The problem – Copy out each line of the material exactly. Pictures do not belong in the copy.

Study material –
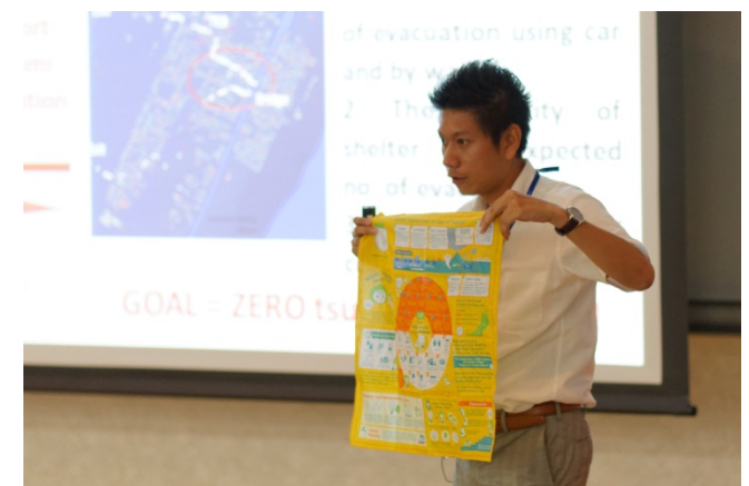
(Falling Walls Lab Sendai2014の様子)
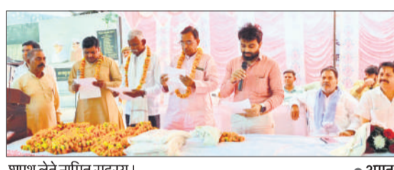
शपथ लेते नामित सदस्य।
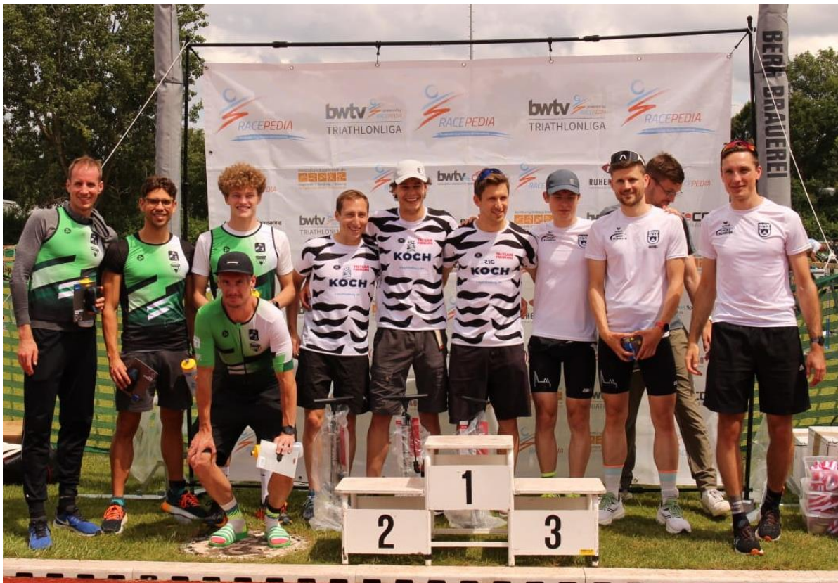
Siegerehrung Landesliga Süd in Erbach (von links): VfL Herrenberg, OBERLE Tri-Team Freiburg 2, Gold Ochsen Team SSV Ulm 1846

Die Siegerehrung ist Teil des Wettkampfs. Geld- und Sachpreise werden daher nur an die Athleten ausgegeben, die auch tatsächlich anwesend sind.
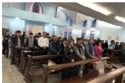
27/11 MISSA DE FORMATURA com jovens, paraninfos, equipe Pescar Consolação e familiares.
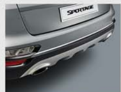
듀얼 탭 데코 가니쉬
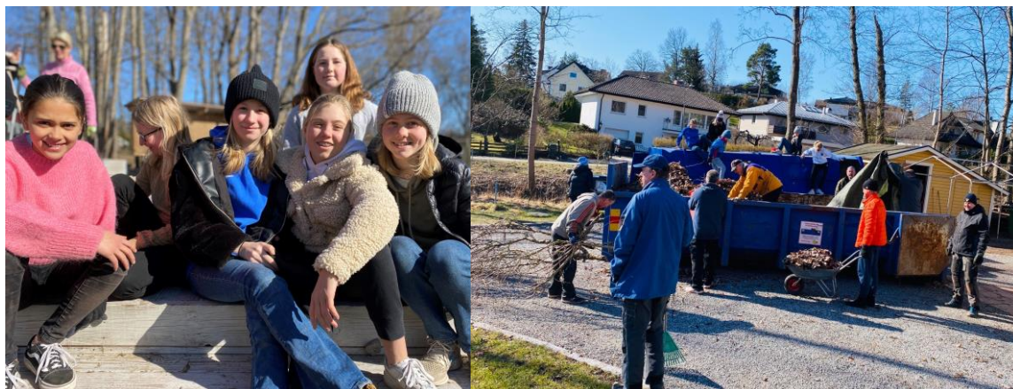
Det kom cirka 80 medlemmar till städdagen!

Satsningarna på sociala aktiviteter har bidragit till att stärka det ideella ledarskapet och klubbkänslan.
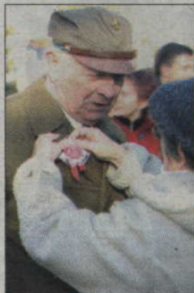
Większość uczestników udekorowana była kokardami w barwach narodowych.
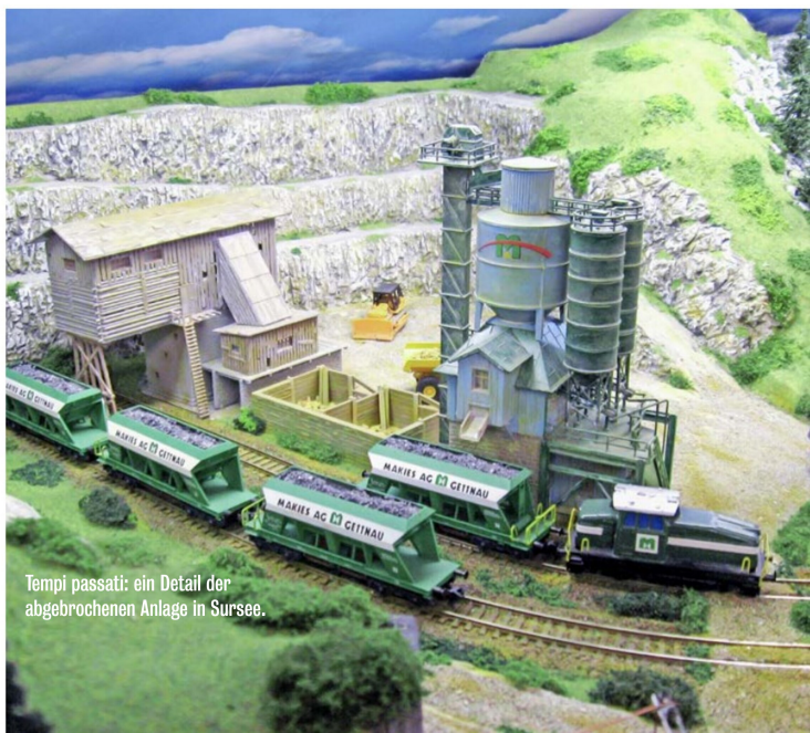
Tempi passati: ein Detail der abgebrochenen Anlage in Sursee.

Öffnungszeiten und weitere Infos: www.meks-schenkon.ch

Result of the exercise –
(Falling Walls Lab Sendai2014の様子)
शपथ लेते नामित सदस्य।
Siegerehrung Landesliga Süd in Erbach (von links): VfL Herrenberg, OBERLE Tri-Team Freiburg 2, Gold Ochsen Team SSV Ulm 1846

Die Siegerehrung ist Teil des Wettkampfs. Geld- und Sachpreise werden daher nur an die Athleten ausgegeben, die auch tatsächlich anwesend sind.
27/11 MISSA DE FORMATURA com jovens, paraninfos, equipe Pescar Consolação e familiares.
듀얼 탭 데코 가니쉬
Det kom cirka 80 medlemmar till städdagen!

Satsningarna på sociala aktiviteter har bidragit till att stärka det ideella ledarskapet och klubbkänslan.
Większość uczestników udekorowana była kokardami w barwach narodowych.
Tempi passati: ein Detail der abgebrochenen Anlage in Sursee.

Öffnungszeiten und weitere Infos: www.meks-schenkon.ch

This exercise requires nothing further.